Activity: For this exercise, repeat exactly the lines below starting at the line holding "国家劳动和社会保障部副部长胡晓义向广东顺德创业培训学院授牌" and ending at the line holding "2015-2016年,公积金", both included, with no extra lines and no pictures.

================

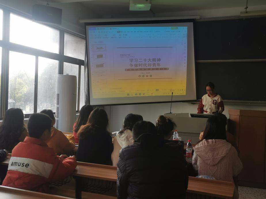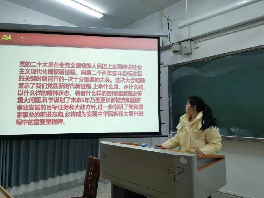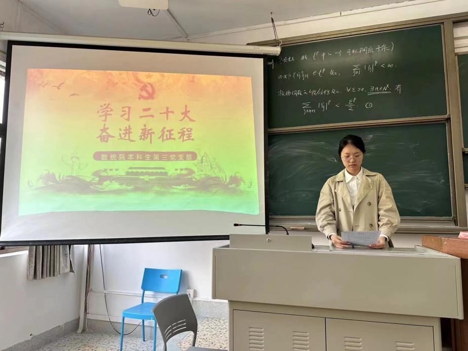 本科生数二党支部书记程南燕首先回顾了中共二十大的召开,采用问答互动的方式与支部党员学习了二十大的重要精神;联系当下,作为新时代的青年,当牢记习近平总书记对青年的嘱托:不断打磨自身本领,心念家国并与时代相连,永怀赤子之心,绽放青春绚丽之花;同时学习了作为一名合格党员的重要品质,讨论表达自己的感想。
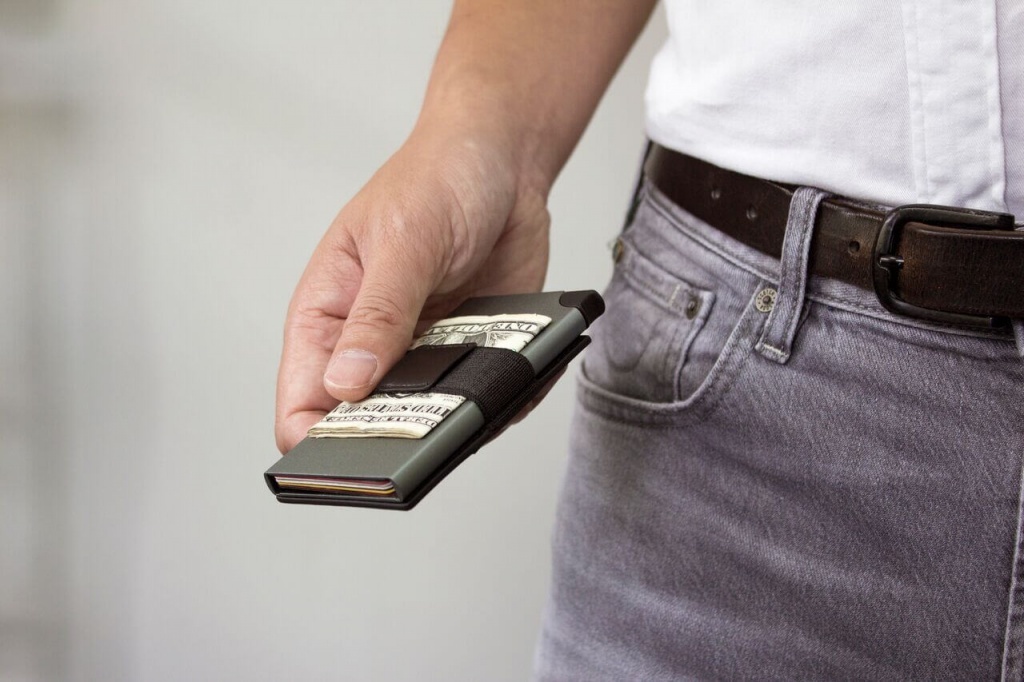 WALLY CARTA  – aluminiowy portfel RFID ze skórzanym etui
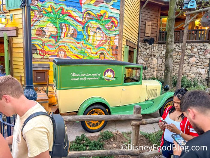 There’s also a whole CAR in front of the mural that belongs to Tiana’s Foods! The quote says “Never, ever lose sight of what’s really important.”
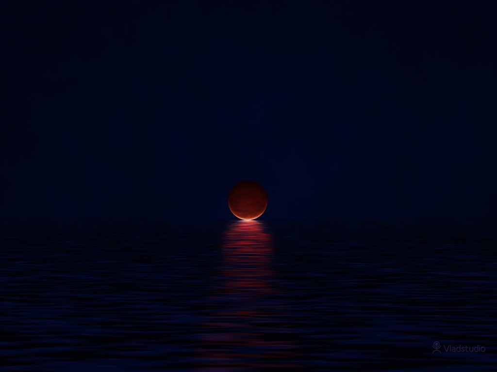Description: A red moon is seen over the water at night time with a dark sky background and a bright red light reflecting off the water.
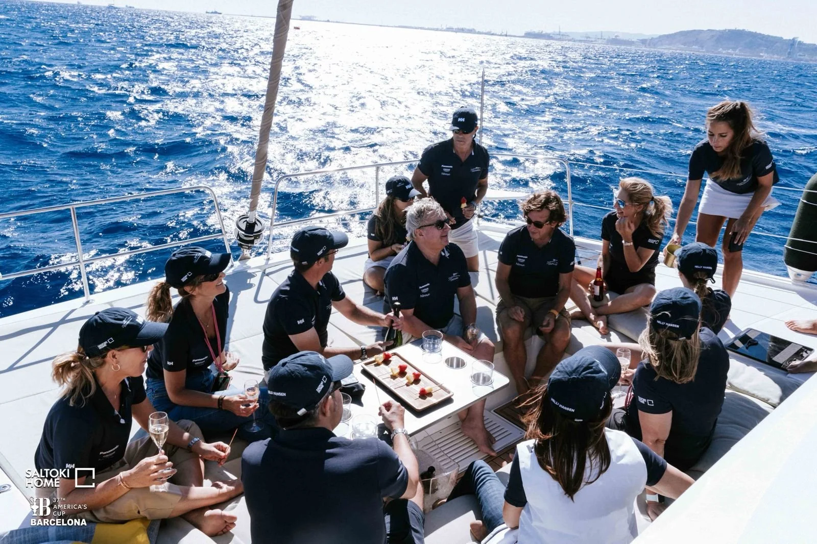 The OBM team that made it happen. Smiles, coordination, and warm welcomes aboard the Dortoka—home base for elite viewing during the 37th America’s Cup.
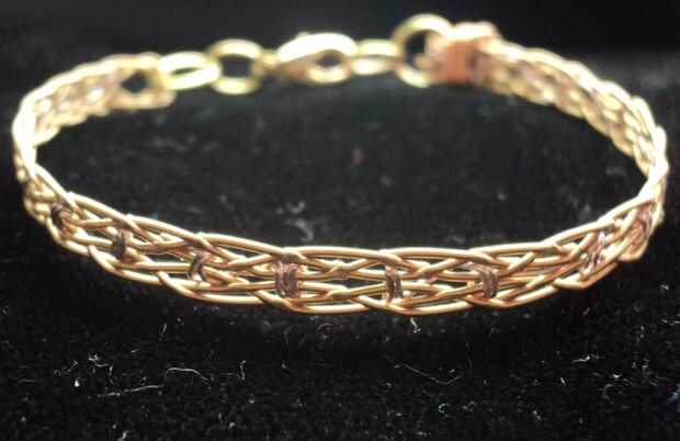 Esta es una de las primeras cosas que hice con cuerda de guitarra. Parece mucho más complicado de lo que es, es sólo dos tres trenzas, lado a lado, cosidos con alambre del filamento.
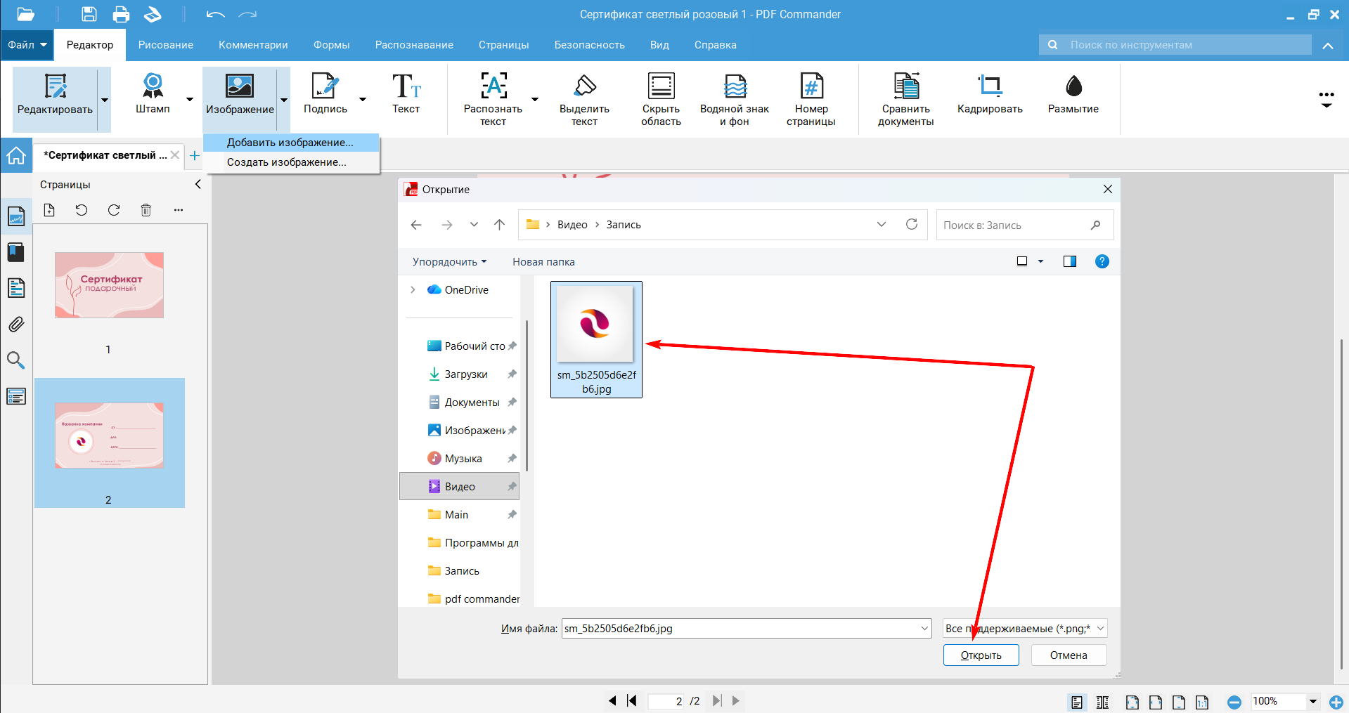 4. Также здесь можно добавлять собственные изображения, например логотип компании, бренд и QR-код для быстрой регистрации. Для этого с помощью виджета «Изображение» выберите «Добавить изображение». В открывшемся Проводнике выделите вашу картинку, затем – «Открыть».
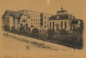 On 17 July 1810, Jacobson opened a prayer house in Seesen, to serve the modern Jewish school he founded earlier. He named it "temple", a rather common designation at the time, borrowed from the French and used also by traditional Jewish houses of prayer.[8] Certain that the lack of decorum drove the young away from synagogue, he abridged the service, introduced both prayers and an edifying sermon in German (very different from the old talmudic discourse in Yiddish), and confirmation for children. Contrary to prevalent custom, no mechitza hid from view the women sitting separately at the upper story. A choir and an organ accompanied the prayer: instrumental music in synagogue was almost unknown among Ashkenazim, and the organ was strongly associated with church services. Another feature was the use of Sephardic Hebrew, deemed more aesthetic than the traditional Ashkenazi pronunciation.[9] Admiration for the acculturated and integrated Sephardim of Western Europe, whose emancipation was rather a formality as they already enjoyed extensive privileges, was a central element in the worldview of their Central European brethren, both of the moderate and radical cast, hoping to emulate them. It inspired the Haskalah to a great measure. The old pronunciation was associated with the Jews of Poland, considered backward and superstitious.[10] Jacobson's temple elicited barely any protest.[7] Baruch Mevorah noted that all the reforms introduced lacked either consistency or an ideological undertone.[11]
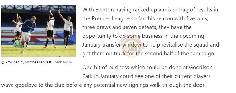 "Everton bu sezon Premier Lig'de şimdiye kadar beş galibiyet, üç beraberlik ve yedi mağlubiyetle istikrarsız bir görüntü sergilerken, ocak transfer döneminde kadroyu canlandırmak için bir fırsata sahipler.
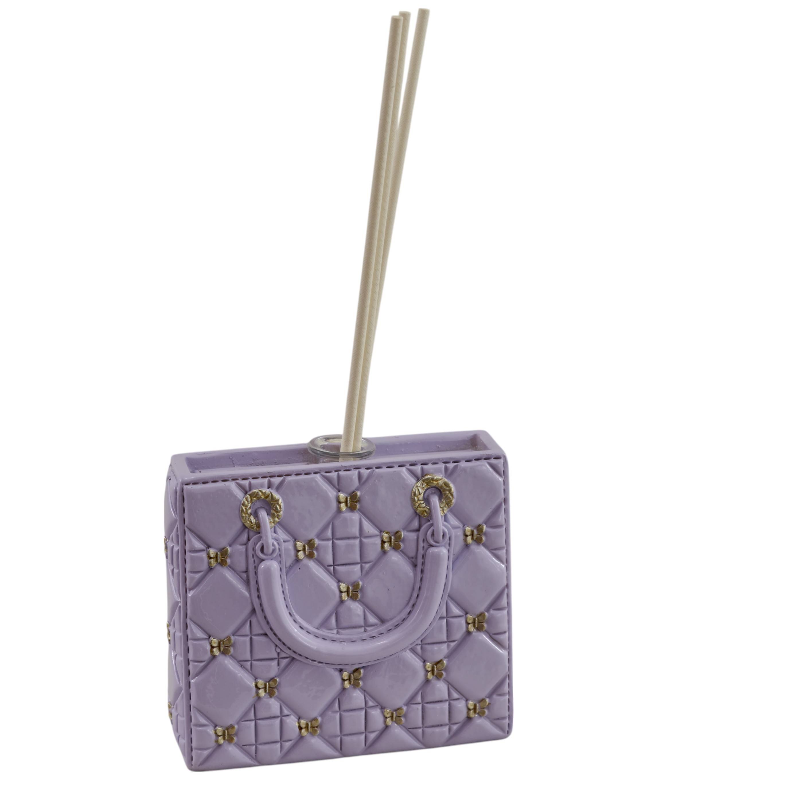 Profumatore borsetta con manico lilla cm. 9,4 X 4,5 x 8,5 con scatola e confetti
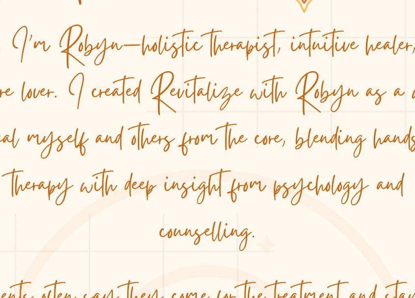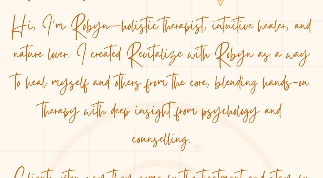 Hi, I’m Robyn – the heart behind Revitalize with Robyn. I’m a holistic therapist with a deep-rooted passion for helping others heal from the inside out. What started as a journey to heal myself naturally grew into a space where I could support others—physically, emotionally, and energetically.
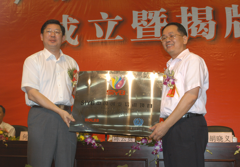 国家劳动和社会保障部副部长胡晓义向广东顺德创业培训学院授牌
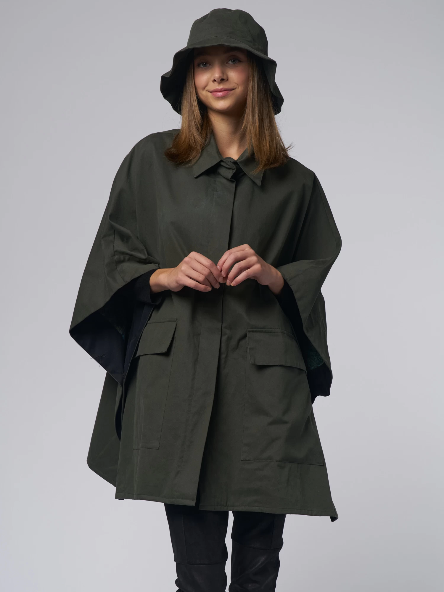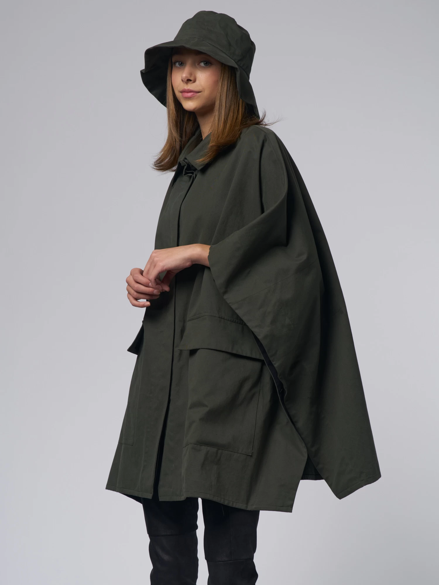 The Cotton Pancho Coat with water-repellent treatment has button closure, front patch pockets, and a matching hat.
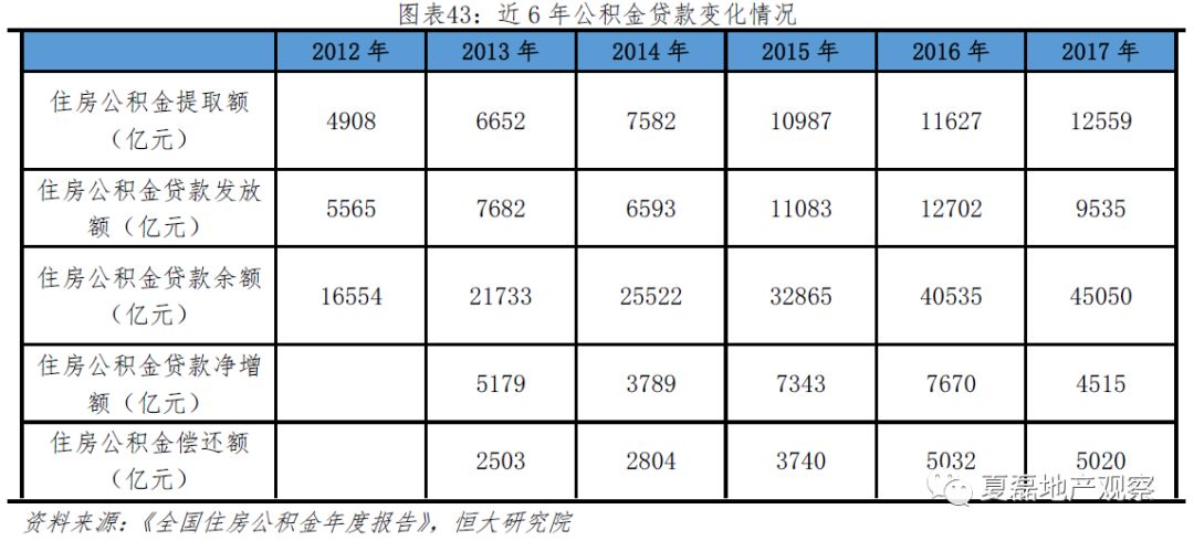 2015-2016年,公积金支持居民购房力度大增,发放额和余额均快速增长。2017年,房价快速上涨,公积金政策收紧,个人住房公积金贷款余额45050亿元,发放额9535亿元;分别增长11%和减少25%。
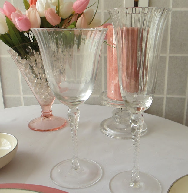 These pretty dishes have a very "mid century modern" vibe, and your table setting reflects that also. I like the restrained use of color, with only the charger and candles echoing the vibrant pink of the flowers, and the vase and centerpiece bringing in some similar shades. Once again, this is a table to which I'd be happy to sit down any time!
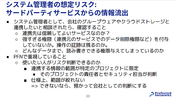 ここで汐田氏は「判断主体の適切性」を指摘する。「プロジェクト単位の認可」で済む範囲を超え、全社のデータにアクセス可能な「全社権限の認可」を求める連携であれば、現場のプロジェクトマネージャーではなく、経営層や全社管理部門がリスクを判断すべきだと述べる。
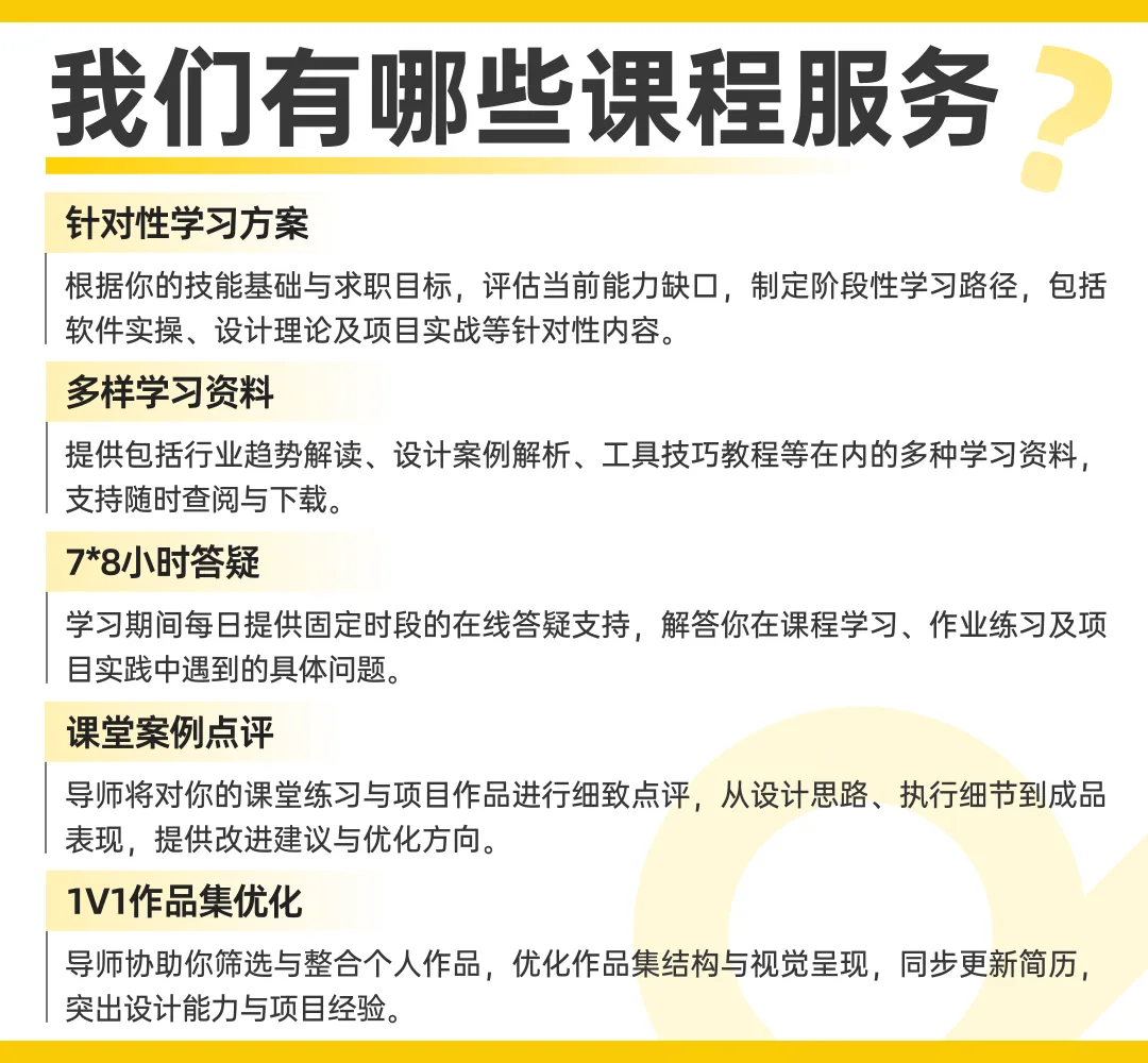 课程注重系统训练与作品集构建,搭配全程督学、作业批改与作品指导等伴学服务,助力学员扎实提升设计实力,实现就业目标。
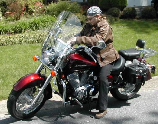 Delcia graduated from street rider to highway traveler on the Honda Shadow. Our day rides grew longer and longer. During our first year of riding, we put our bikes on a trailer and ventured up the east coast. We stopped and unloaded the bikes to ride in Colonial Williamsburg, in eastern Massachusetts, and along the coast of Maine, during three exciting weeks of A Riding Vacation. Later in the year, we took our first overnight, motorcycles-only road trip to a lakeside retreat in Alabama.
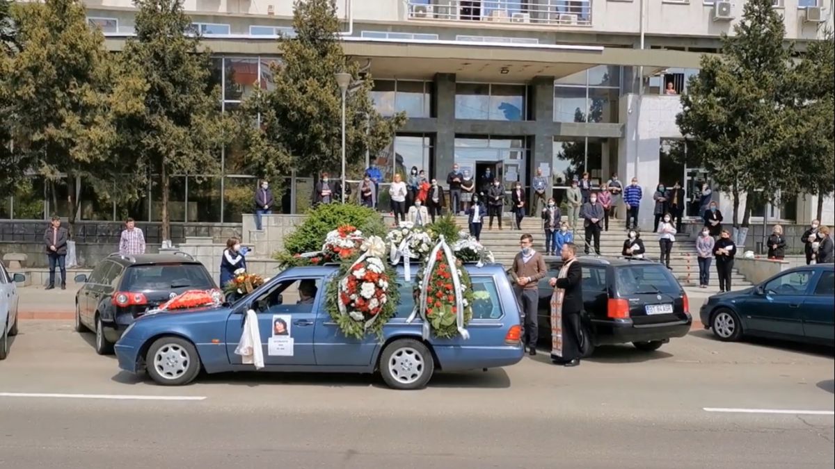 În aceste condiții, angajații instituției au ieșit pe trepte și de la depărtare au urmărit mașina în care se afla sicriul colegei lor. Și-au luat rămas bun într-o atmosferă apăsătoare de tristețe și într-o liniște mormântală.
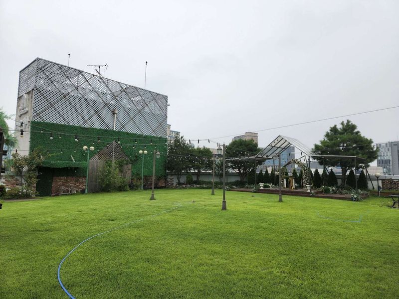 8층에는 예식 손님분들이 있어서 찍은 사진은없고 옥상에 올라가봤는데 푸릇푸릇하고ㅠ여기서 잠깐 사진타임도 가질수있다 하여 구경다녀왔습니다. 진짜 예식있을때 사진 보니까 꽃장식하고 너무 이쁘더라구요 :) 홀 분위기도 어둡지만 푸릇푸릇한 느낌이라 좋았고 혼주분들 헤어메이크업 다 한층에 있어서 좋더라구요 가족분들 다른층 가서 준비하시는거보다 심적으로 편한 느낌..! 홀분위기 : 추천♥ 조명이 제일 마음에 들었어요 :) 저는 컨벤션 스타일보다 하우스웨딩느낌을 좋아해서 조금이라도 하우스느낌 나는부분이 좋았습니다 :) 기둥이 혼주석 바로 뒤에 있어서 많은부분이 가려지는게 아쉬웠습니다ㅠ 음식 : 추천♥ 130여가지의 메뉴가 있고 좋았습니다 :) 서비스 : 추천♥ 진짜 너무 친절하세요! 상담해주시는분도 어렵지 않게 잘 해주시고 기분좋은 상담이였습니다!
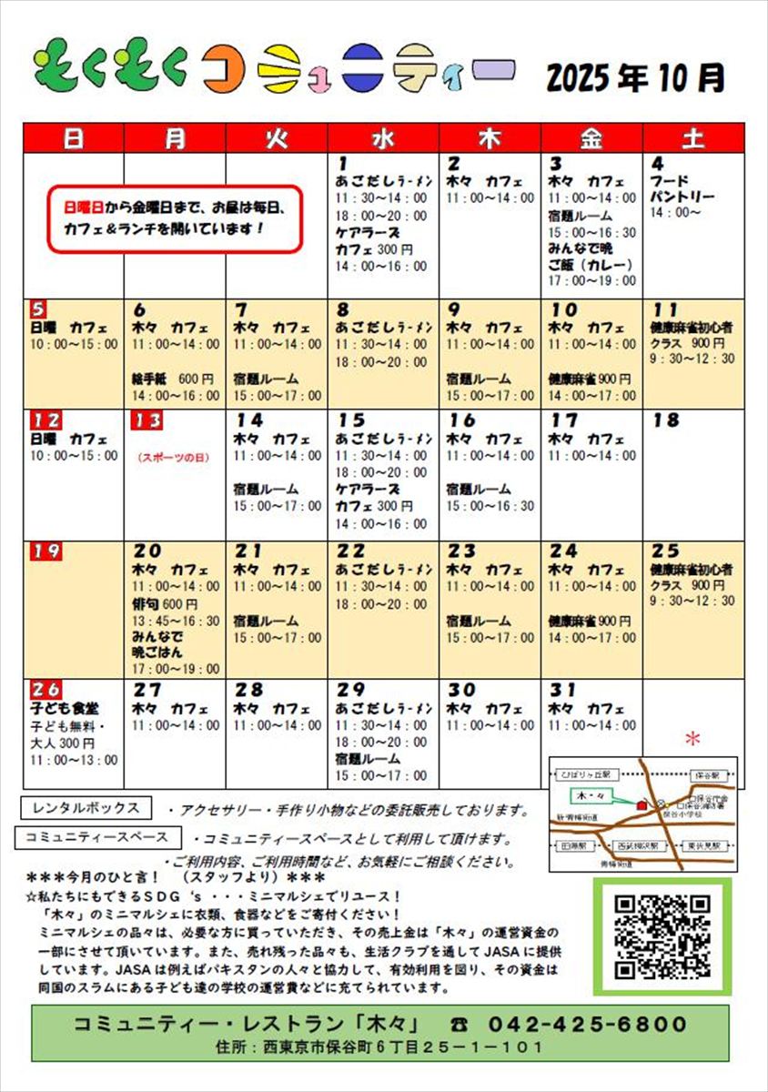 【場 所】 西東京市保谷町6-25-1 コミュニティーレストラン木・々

================

Solved exercise:
 国家劳动和社会保障部副部长胡晓义向广东顺德创业培训学院授牌
 The Cotton Pancho Coat with water-repellent treatment has button closure, front patch pockets, and a matching hat.
 2015-2016年,公积金支持居民购房力度大增,发放额和余额均快速增长。2017年,房价快速上涨,公积金政策收紧,个人住房公积金贷款余额45050亿元,发放额9535亿元;分别增长11%和减少25%。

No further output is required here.